Nicolas Choite, serial entrepreneur: le gaming est en plein essor au Moyen-Orient

  • Avec près de 25% de croissance en 2020, la croissance du gaming au Moyen-Orient est une des plus dynamiques du secteur
  • Il y a en Afrique un potentiel économique et social énorme, tout particulièrement dans les zones reculées ou de conflit

Les acteurs du sport et de l’e-sport pèsent non seulement 90 milliards d’euros en France et 65 milliards d’euros dans les pays du Conseil de coopération du Golfe, mais ils sont aussi au cœur d’enjeux sociaux et culturels internationaux. Il est révélateur de constater les engagements croissants d’entrepreneurs français au Moyen-Orient et en Afrique. C’est pourquoi Arab News en français a choisi de donner la parole à Nicolas Choite, gamer compétitif, serial entrepreneur dans l’e-sport et instigateur de plusieurs initiatives majeures.

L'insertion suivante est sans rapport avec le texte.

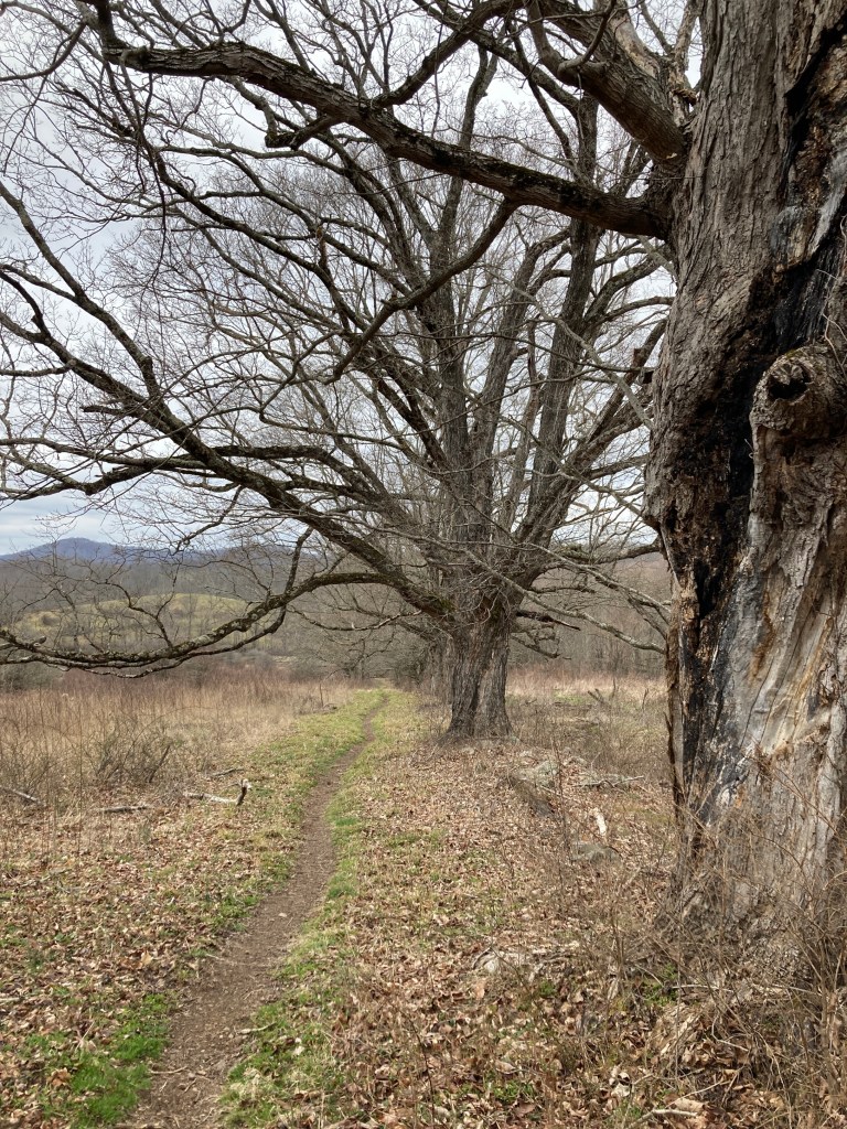 A gentle old road-turned-trail brought me down the opposite side of the ridge, depositing me in a gorgeous pasture at the bottom of a narrow valley. The wind still kept me moving, but I couldn’t help stopping frequently to spin in place to absorb the bucolic scene. With the weather as chilly as it was, it was fitting to find this area empty. It was still hibernating, perhaps just beginning to think about starting a productive summer cycle. In a few weeks or months, I’m sure it would be teaming with life, animal, insect, and hiker.
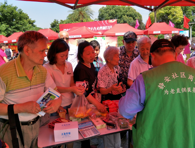 6月28日上午,静安区商业联合会·社区商业直供服务工作联盟,结合迎建党96周年,在宝山路街道中兴绿地,组织惠民直供专场活动,为居民送上了温馨服务。
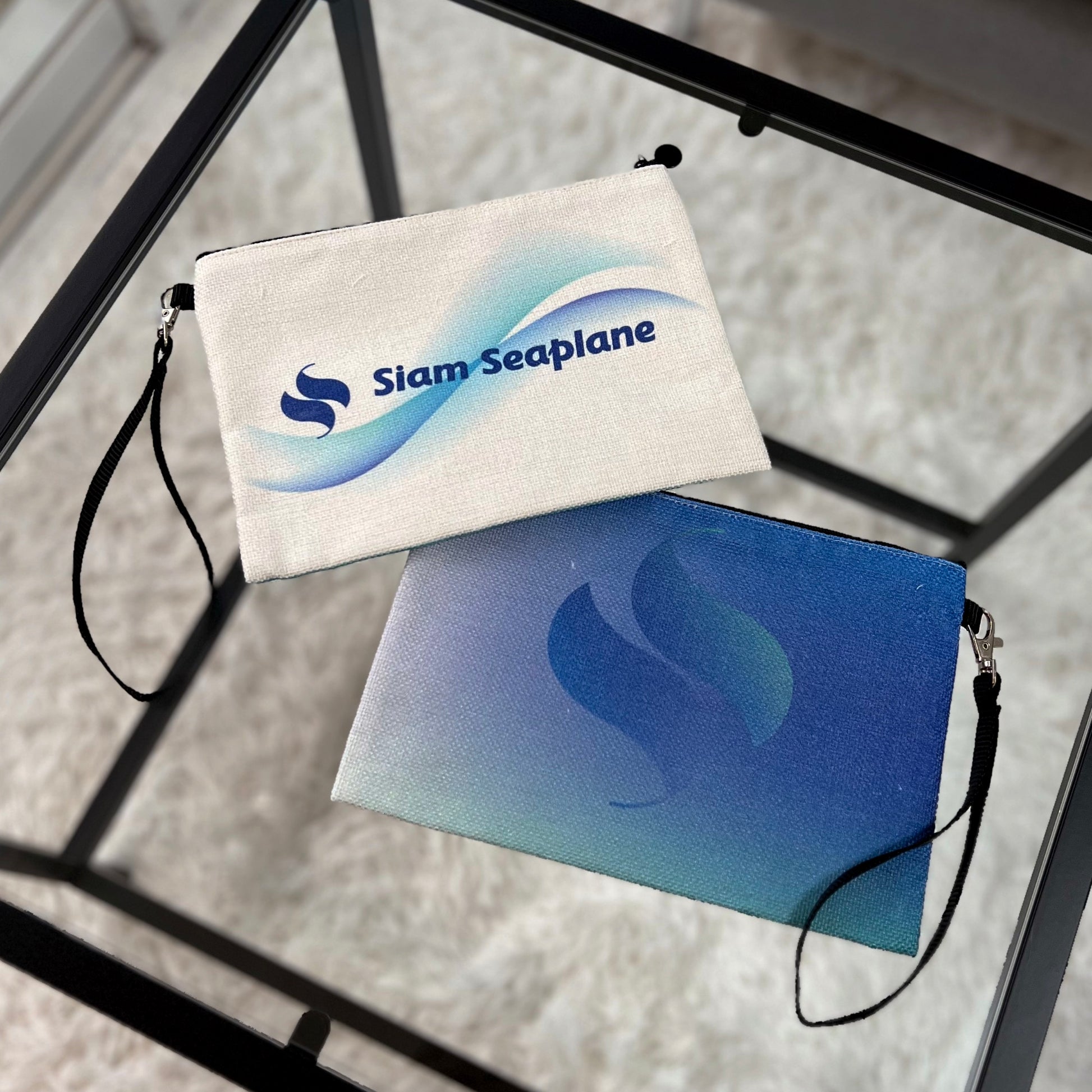 Introducing our woven linen pochette featuring graphic branding visuals on both sides. The same bag used for our amenity kit only available on our aircraft. Designed with your convenience in mind, the bag is spacious enough to accommodate all your travel essentials. The zippered closure keeps your belongings secure, while the compact size makes it easy to stow.
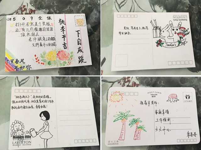 9月伊始,院员工会面向教科院全体员工征集教师节明信片,学子们积极参与此次活动。“桃李天下,下自成蹊。老师,谢谢您!”“春风十里,不如在师大遇到您!”一句句浓情满满的话语,一张张充满意境的明信片表达着同学们对老师们的感激之情。在教师节当天,由员工会成员将写满感恩祝愿的明信片发放到每一位老师的柜子,给每一位老师带来惊喜、送去温暖。
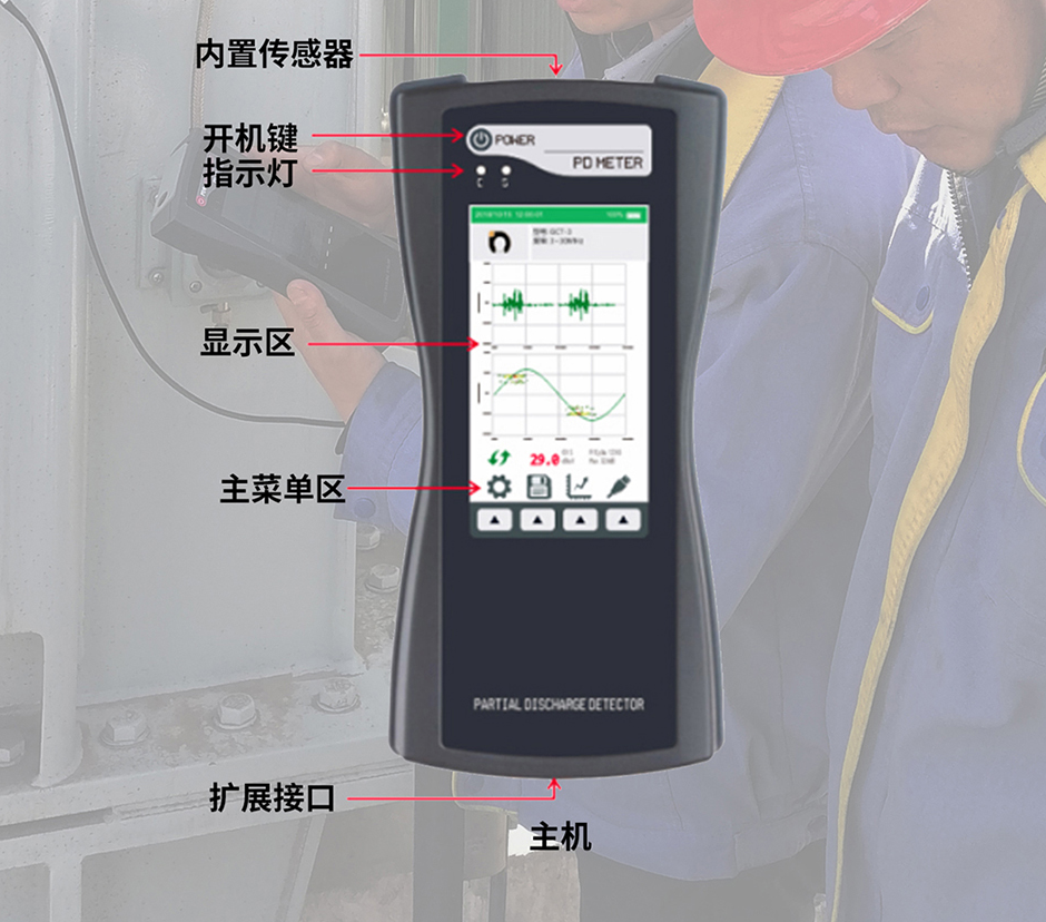 檢測主機(jī):內(nèi)置二合一傳感器(超聲波 +TEV地電波傳感器) |

Vous vous êtes engagé à transmettre votre passion du jeu et vos savoirs en tant que coach, avec un palmarès impressionnant: top 4 au niveau mondial PES (Pro-evolution Soccer), deux fois vice-champion d’Europe, champion de France... Vos entreprises promeuvent le rôle social de l’e-sport. Pourquoi cette volonté de partage est-elle présente dans tous vos projets?

Par conviction personnelle et par passion. Jeune adolescent, j’ai eu la chance de participer au développement de la pratique compétitive du jeu vidéo. À l'époque, en l’absence d’Internet, le seul moyen de concourir était les Local Area Network (LAN), un lieu où se réunissaient des joueurs de jeu vidéo, avec leur propre matériel, pour s’affronter sur un réseau local. L’écosystème de l’époque était inexistant, et le jeu vidéo avait alors mauvaise presse. Je n’ai donc pas eu la possibilité de pouvoir exprimer mon plein potentiel, ni de vivre de ma passion en tant que joueur. Toutefois, j’ai rencontré d’autres passionnés qui m’ont ouvert sur le monde. J’ai adhéré aux valeurs de l’e-sport, à l’esprit de compétition, à la rigueur, à la créativité, et j’ai ressenti le besoin de les partager. C’est ainsi que j’ai animé, grâce à Bertrand Amar (Webedia), l’Africa Games Show, la première émission de télévision sur l’e-sport africain. Aujourd’hui, près de 75% des revenus de l’e-sport viennent des droits médias et du parrainage (822,4 millions de dollars en 2020). Il y a une bonne mobilisation de la part des médias.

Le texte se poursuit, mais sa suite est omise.